Она внимательно смотрела на него и молчала. Потом сказала:
– Ты, я смотрю, на баб перекинулся? Кур тебе мало?
– Ой хорошо! – сказал он. – А было так, что думал сейчас сдохну.
– Куда ты сдохнешь? Ты уже того – уже шестой день, как похоронили, – напомнила Елизавета Петровна.
– Как-то это непонятно, – сказал он. – Раз меня похоронили, что ж я голодный такой хожу, я же чувствую все.

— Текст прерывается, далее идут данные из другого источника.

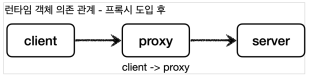 - 런타임(애플리케이션 실행 시점)에 클라이언트 객체에 DI를 사용해서 Client -> Server에서 Client -> Proxy로 객체 의존관계를 변경해도 클라이언트 코드를 전혀 변경하지 않아도 된다.

– Ой, мужик-мужик! – сказала она. – Ходил бы ты там со своими, оно бы поболело у тебя, поболело, да и прошло. Как ты к нам сюда попадаешь? Тебе тут не место!

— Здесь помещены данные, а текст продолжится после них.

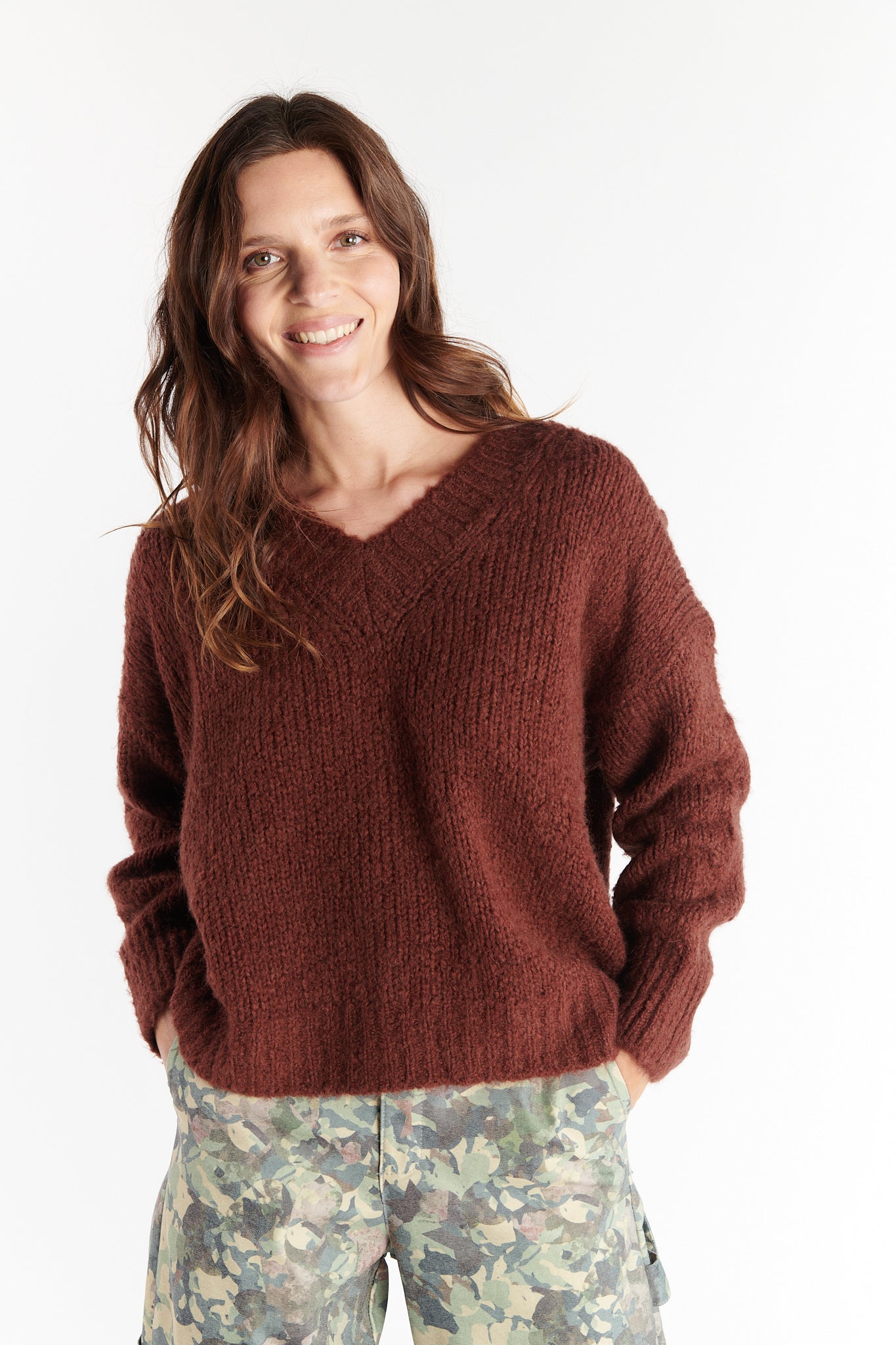 Le pull Delmi s’impose comme une pièce cosy et élégante grâce à sa maille épaisse et réconfortante. Ses manches longues et son col en V apportent une touche féminine et raffinée. Décliné dans une teinte paprika chaleureuse, il dynamise vos tenues tout en restant facile à associer. Un essentiel pour la saison hivernale.

– Я, понимаешь, – рассказывал Фролов, – иду по деревне, а откуда я иду, куда я иду, это вроде как неважно. Это вроде как само собой разумеется. А когда голод стихает, я начинаю понимать, что я не знаю, откуда я прихожу. Я домой прихожу к себе и чувствую, что-то не то. Это же вроде бы мой дом, моя комната, мой двор, моя беседка. А я смотрю на это, и такое чувство, что здесь был кто-то другой, и я – это не он. Но я-то ума не лишился, я знаю, что я – это он. Что это за херня такая, Петровна? Вот когда они говорят, я их слышу, что они говорят, я понимаю. Они иногда тоже меня слышат. И даже видят. Иногда нет. Но это ж наши мужики и бабы совхозные. А когда на меня накатывает, они для меня как мешки с едой. И что-то тут не так. Они же – не еда, еда – это сало, колбаса. А меня вот на колбасу совсем не тянет, а я любил колбасу. Я вот сейчас напился – и мне хорошо-хорошо. Но какая-то иголка сидит. Чувствую я, что что-то не так.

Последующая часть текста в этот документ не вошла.